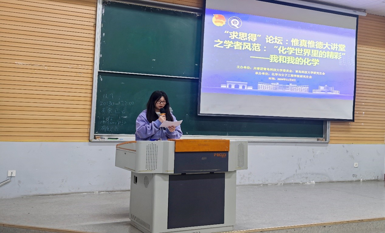 2024年11月9日下午4点w66利来旗舰厅研究生会于四方校区第二教学楼101室开展“求思得”论坛:惟真惟德大讲堂之学者风范“化学世界里的精彩”专题讲座。w66旗舰厅官网博士生导师,山东省“泰山学者”青年专家吕健教授应邀出席。报告会由刘云主持,w66利来旗舰厅本科生与研究生同学积极参与本次报告会。
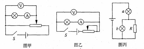 (3)如图丙所示,用一个定值电阻R和两个上述小灯泡组成串并联电路,连接到内阻不计、电动势为3V的电源上.已知流过电阻R的电流是流过灯泡b电流的两倍,则流过灯泡b的电流约为 A.
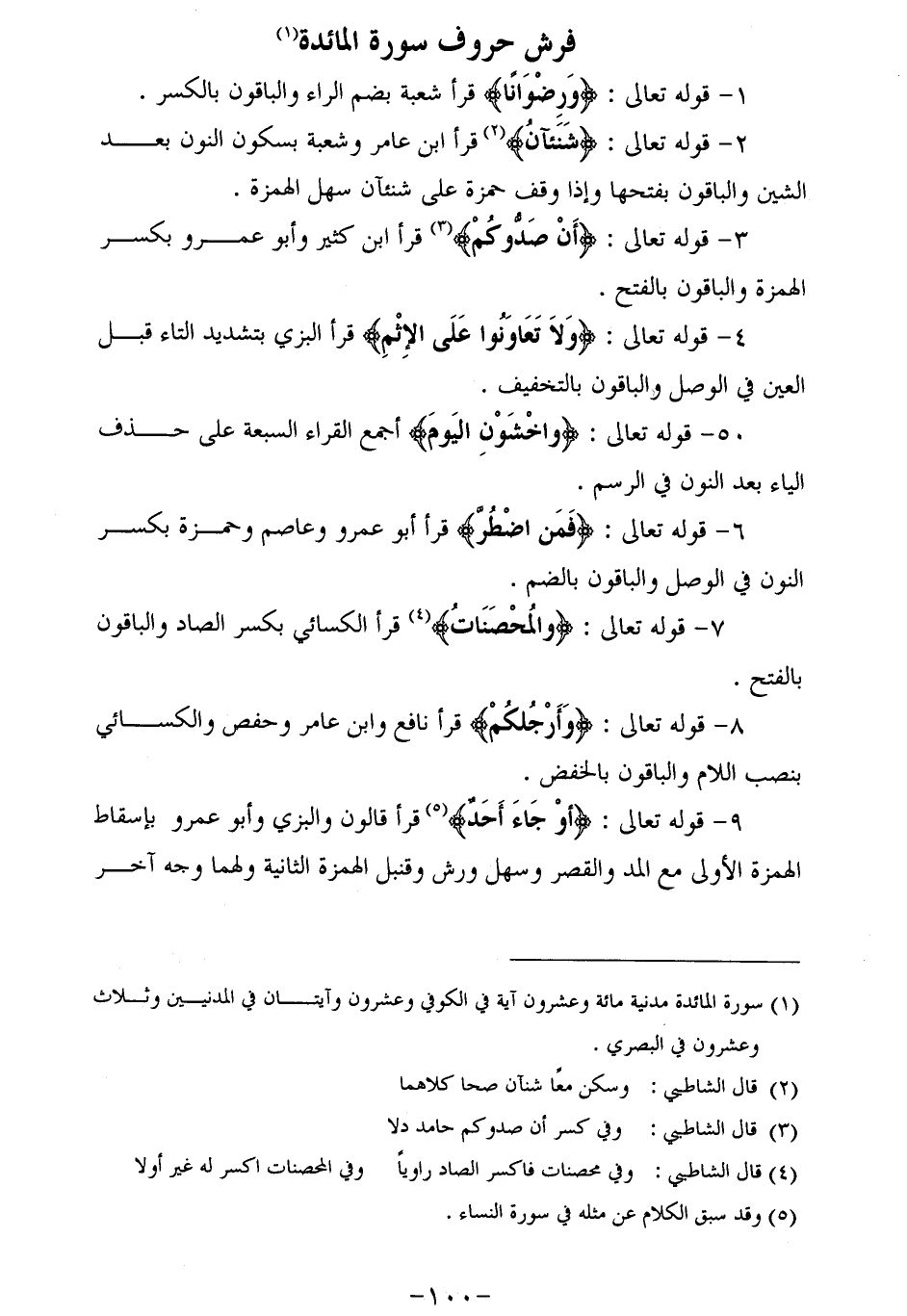 2 - قوله تعالى: شَنَآنُ (¬2) قرأ ابن عامر وشعبة بسكون النون بعد الشين والباقون بفتحها وإذا وقف حمزة على شنآن سهل الهمزة.
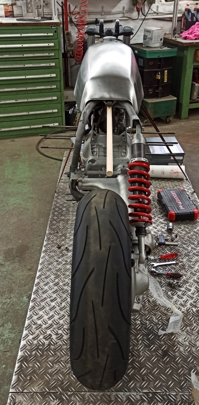 Ich habe auch mal einen Tank und eine R100R Gabel drangesteckt. Die Mitte hab ich mal provisorisch mit einem Buchenstab versucht zu simulieren. Momentan sind es noch ca. 25mm. Aber das Hinterrad kommt noch ca. 10mm nach rechts. Dann bleiben ca. 15mm übrig. Mal sehen wie es ist, wenn alles final zusammen ist. Das wird aber noch etwas dauern.
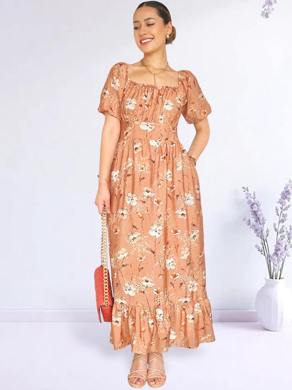 Vestido diseñado en corte A, con pretina ancha que permite ceñir en cintura y dar volumen en caderas, con multiaguja en espalda que no aprieta y permite el entalle perfecto. Viene con recogido en busto y falda en dos tiempos con recogido inferior, acompañado por unas mangas cortas tipo farol con elástico en la parte final, que lo podrás usar también como off shoulder, que lo hace muy romántico y femenino. Puedes usarlo con sandalias planas, de taco, stilettos, botas, botines y hasta zapatillas, dependiendo de la ocasión.
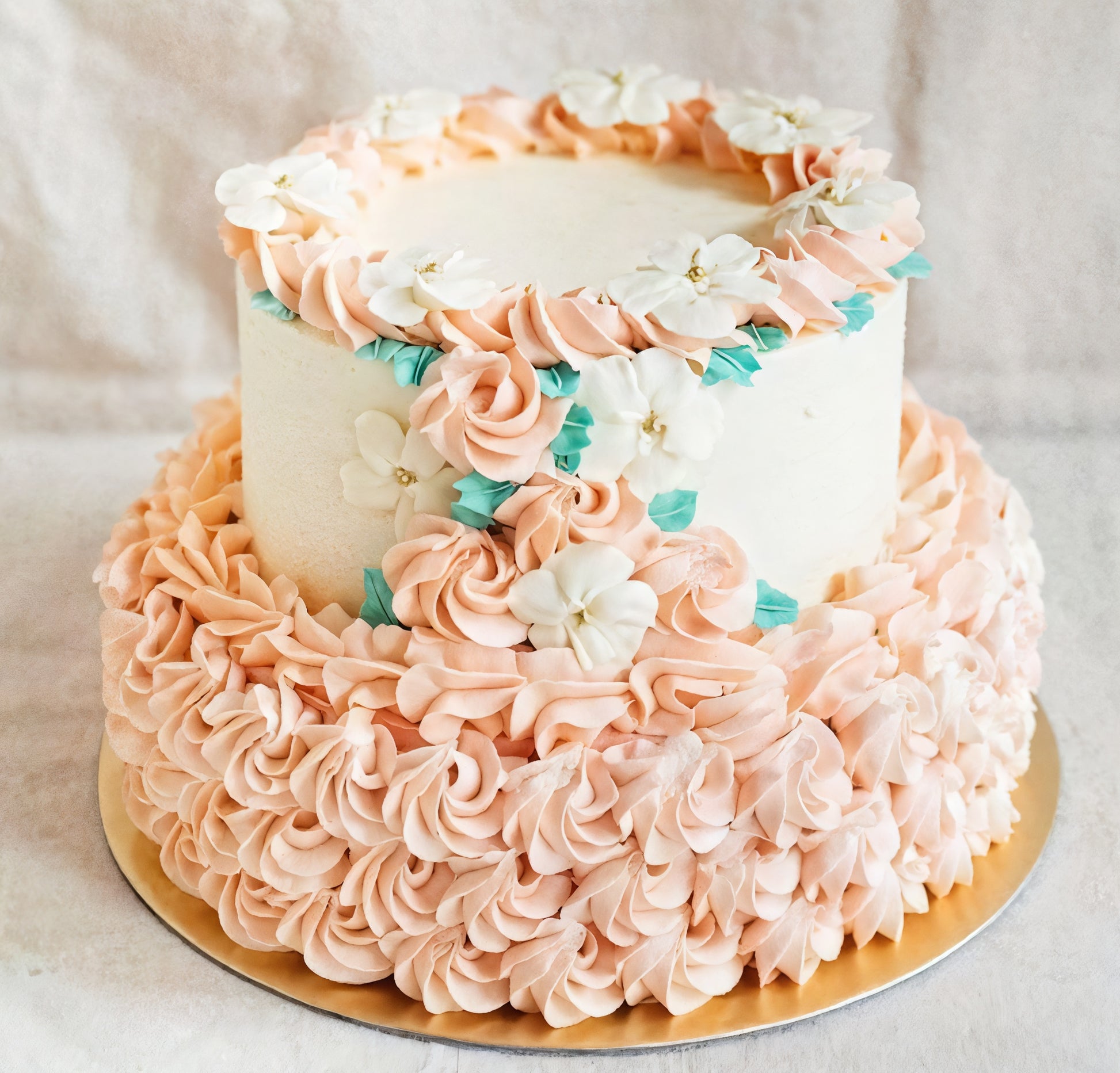 This is a two-tiered cake with a light-colored frosting. The bottom tier is covered in peach-toned, ruffled buttercream swirls. The top tier features a ring of floral buttercream decorations in white, peach, and teal.
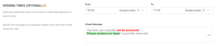 1. Opening Times (optional) — You can set the start and end times to control when the Experience is available for entry (for example: only during office hours).
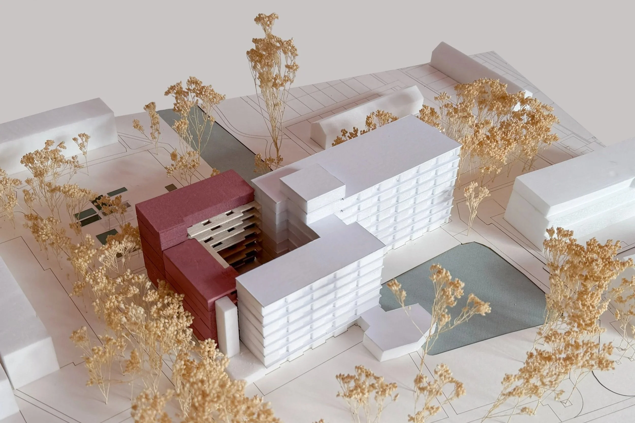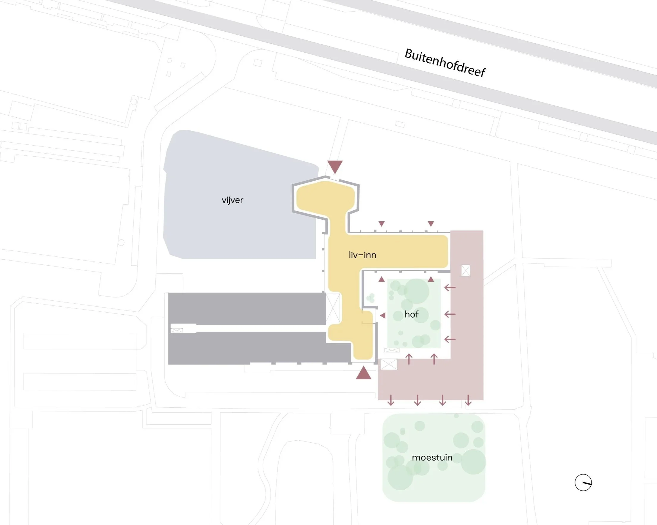 De Buitenhofdreef vormt één van de hoofdassen van de wijk en biedt kansen voor verdichting en kwaliteitsverbetering. De uitbreiding grijpt deze kans aan door de buitenruimte te activeren en de relatie tussen gebouw en straat te versterken. Door entrees aan de dreef te positioneren krijgt het gebouw een duidelijke voorkant en ontstaat er meer sociale interactie tussen bewoners en buurt.
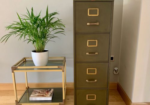 A great set of original mid century steel filing drawers by. Most of these cabinets are by Roneo or Vickers. Villiers cabinets are much harder to find; especially in this condition Great colour and condition, with perfectly aged original brass ware and nice drawer front detailing. A very nice slim size for home or office. The cabinet and drawers have all been fully cleaned and the runners re-oiled. Superb condition for its age with plenty of industrial design and character. Industrial style and practicality all rolled in to one.
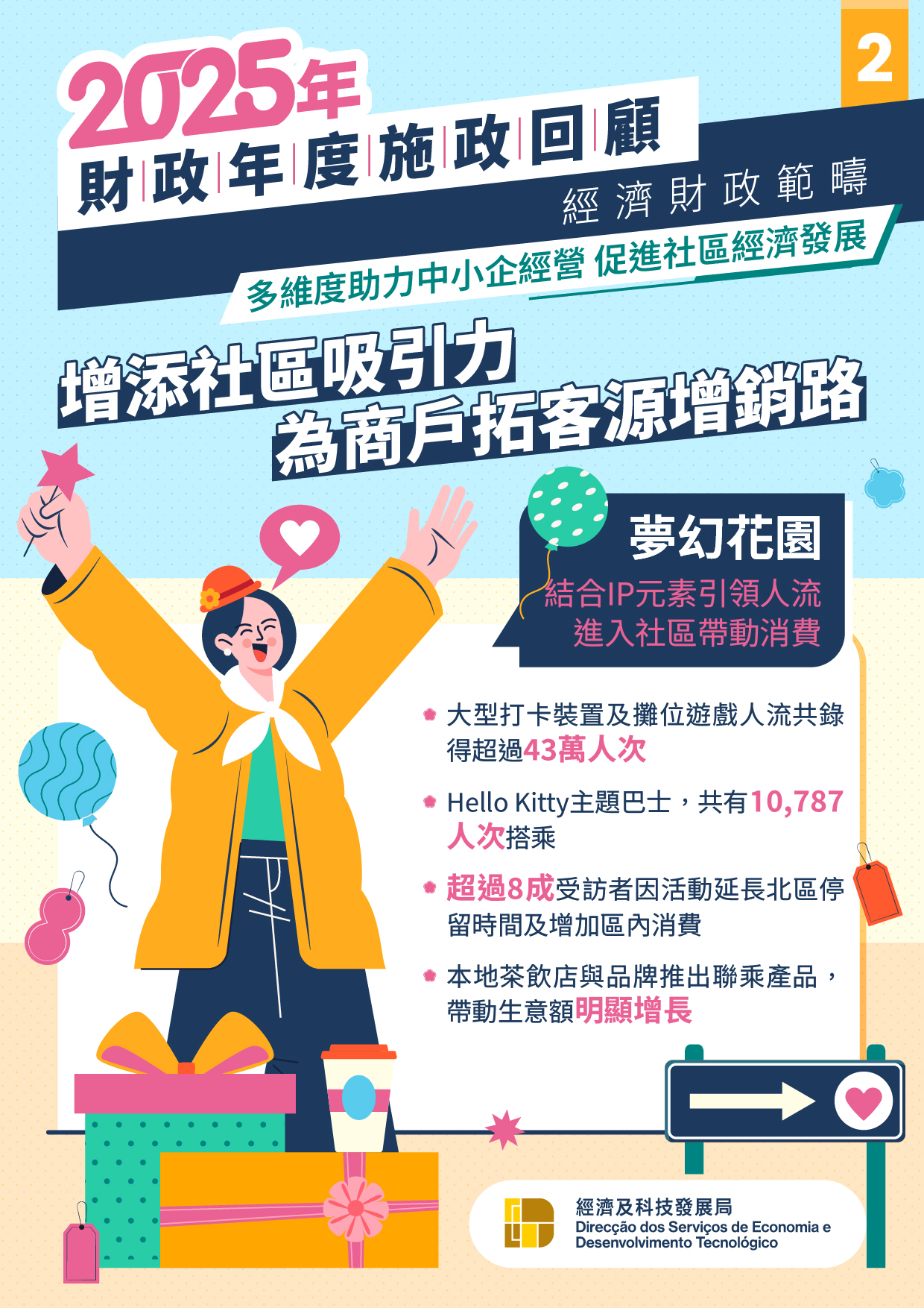 经济及科技发展局(下称“经科局”)与国际知名品牌合作举办“Sanrio characters梦幻花园”,吸引更多旅客及居民入区游览及消费。活动的两个大型打卡装置及摊位游戏共吸引超过43万人次。问卷调查显示超过八成受访者表示延长了在北区的时间及增加消费。活动期间,有本地茶饮店与相关品牌合作推出特色联乘产品,商户表示联动既提升客流及提高品牌知名度,亦带动生意额明显增长。
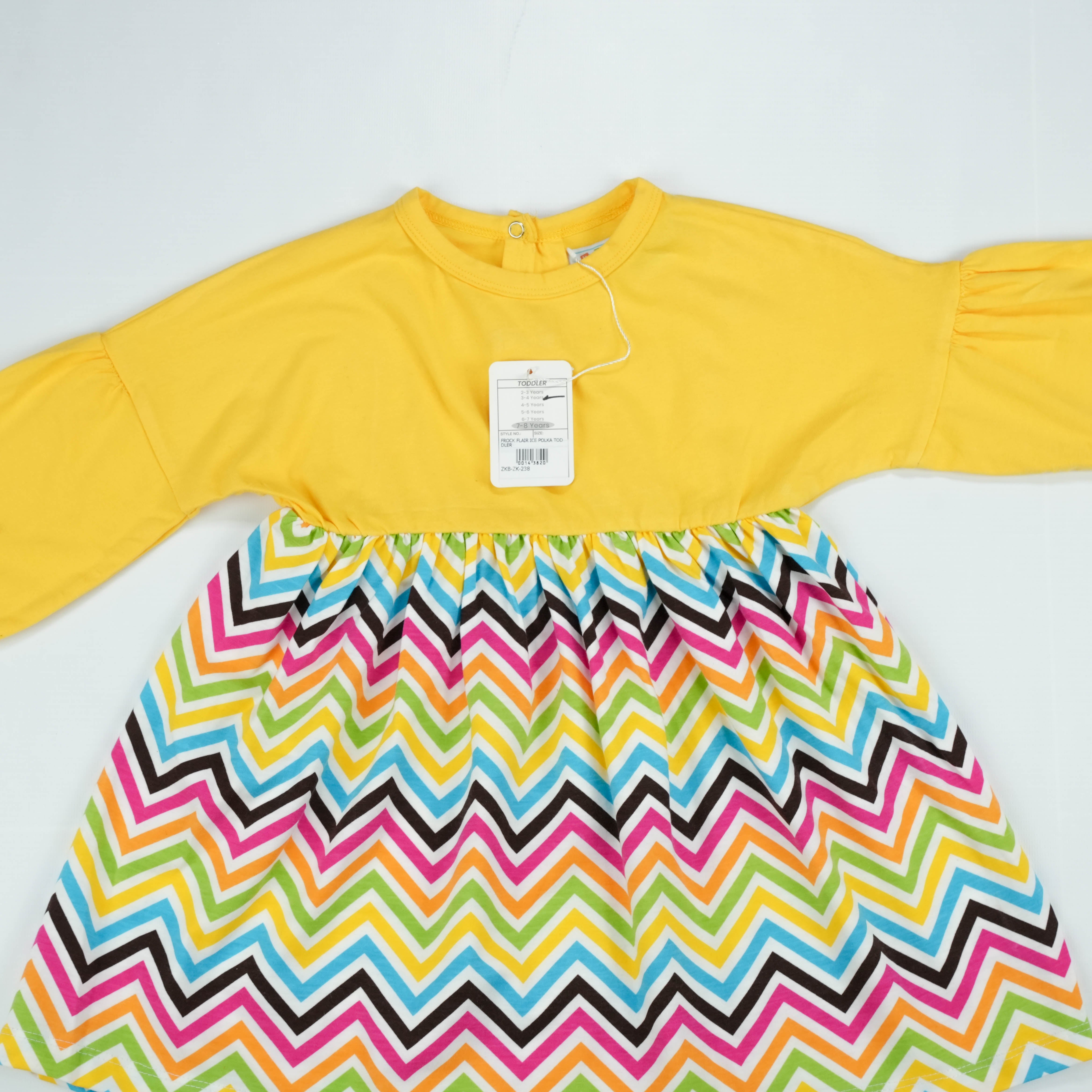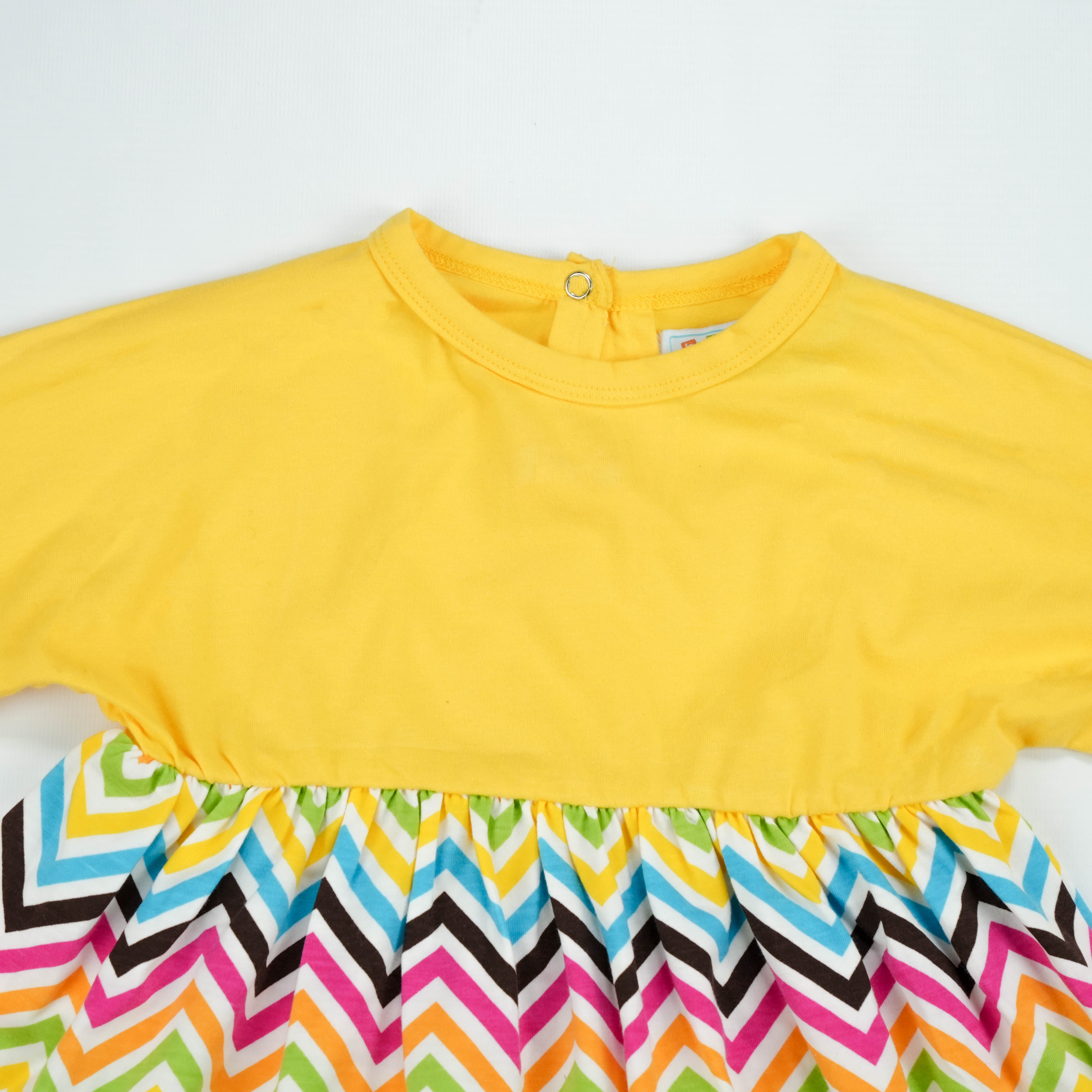 Crafted from high-quality cotton, this frock ensures maximum comfort while offering durability. The vibrant colors and playful polka dots add a touch of fun, while the easy-to-use buttons make dressing a breeze.

▶ _INSTRUCTIONS FOR THE TASK_: Take the line containing "A great set" and every line after it up to the end of the data, and write them out exactly, without the pictures.

▶ _EXERCISE SOLUTION_:
 A great set of original mid century steel filing drawers by. Most of these cabinets are by Roneo or Vickers. Villiers cabinets are much harder to find; especially in this condition Great colour and condition, with perfectly aged original brass ware and nice drawer front detailing. A very nice slim size for home or office. The cabinet and drawers have all been fully cleaned and the runners re-oiled. Superb condition for its age with plenty of industrial design and character. Industrial style and practicality all rolled in to one.
 经济及科技发展局(下称“经科局”)与国际知名品牌合作举办“Sanrio characters梦幻花园”,吸引更多旅客及居民入区游览及消费。活动的两个大型打卡装置及摊位游戏共吸引超过43万人次。问卷调查显示超过八成受访者表示延长了在北区的时间及增加消费。活动期间,有本地茶饮店与相关品牌合作推出特色联乘产品,商户表示联动既提升客流及提高品牌知名度,亦带动生意额明显增长。
 Crafted from high-quality cotton, this frock ensures maximum comfort while offering durability. The vibrant colors and playful polka dots add a touch of fun, while the easy-to-use buttons make dressing a breeze.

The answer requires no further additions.